Sales force integration was notoriously difficult and would lead to unnecessary
complications which should not be the concern at the point.
 Huge gap in compensation of top performers and average performers. Mynor observe
seemingly large differences between sales compensation plans at lux software and arc which
can be a huge challenge. Mynor talked with Esteves who gave him important facts of top
guns and accelerators which arck systems did not follow and Brian felt top performers were
paid a lot more than average performers even without the accelerators.
 The system of “accelerators” overcompensated the first percentile where productivity did
not match the commission.
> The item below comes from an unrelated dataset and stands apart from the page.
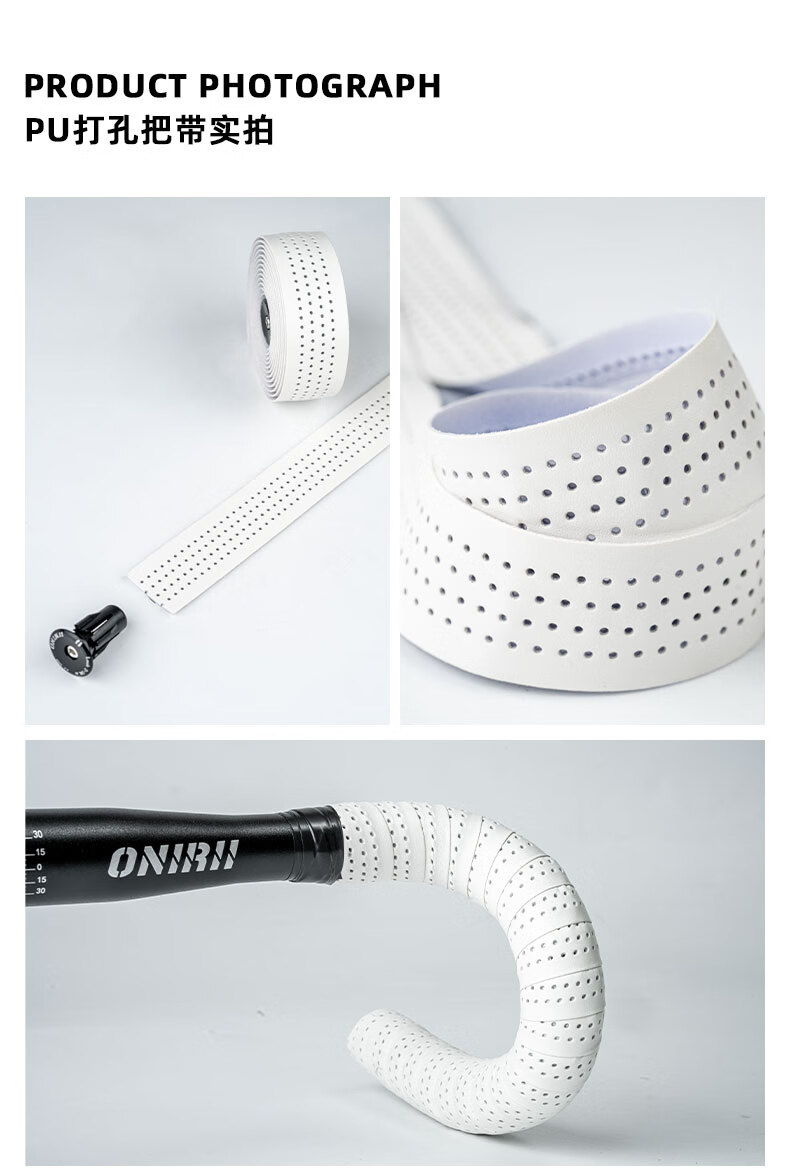 ONIRII Olini curved road bike silicone handlebar strap PU anti-slip and anti-sweat color gradient perforated bicycle handle strap PU perforated white

Salespeople in the first percentile in terms of pay made more
than the average salesperson at lux software but were only about 14 times as productive in
terms of sales.

Slide 6

Recommendations

 Motivating average salesperson rather than giving more focus on top performers. Both Lux
Software and Arck Systems appreciated salespeople in the top 10% and conducted special
events for them. Instead, they could formulate a strategy where they could set the top 10%
of employee as benchmark and thereby motivating the 90% of the salespeople.
 Trial target could be set to the performers whose pay did not match their performance.
Salespeople in the first percentile in terms of pay made 30 times more than the average
salesperson at lux software but were only about 14 times as productive in terms of sales. So,
their target could be increased so that their productivity is increased matching their high
compensation. If they really met the target being productive in the stipulated time, they
could be retained with the same compensation. But paying some many times more than
their performance is not advisable.
 Retain the people who actually showed performance worth their compensation. Arck should
retain all those key salespeople whose performance actually matches the compensation
he/she is receiving despite being a top performer or an average performance. Company
should not incur more cost in order to retain a person who is actually not showing results
matching his pay.
 Gradual eradication of accelerators system and increase in base pay and commission. As
accelerators are more cost consuming, they should be slowly removed once the merger is
slowly being acquainted in the business environment and merger acquires stability. It is
observed that the base pay and base commission is lesser in lux software, eradicating the
accelerator system they can increase the base pay and base commission.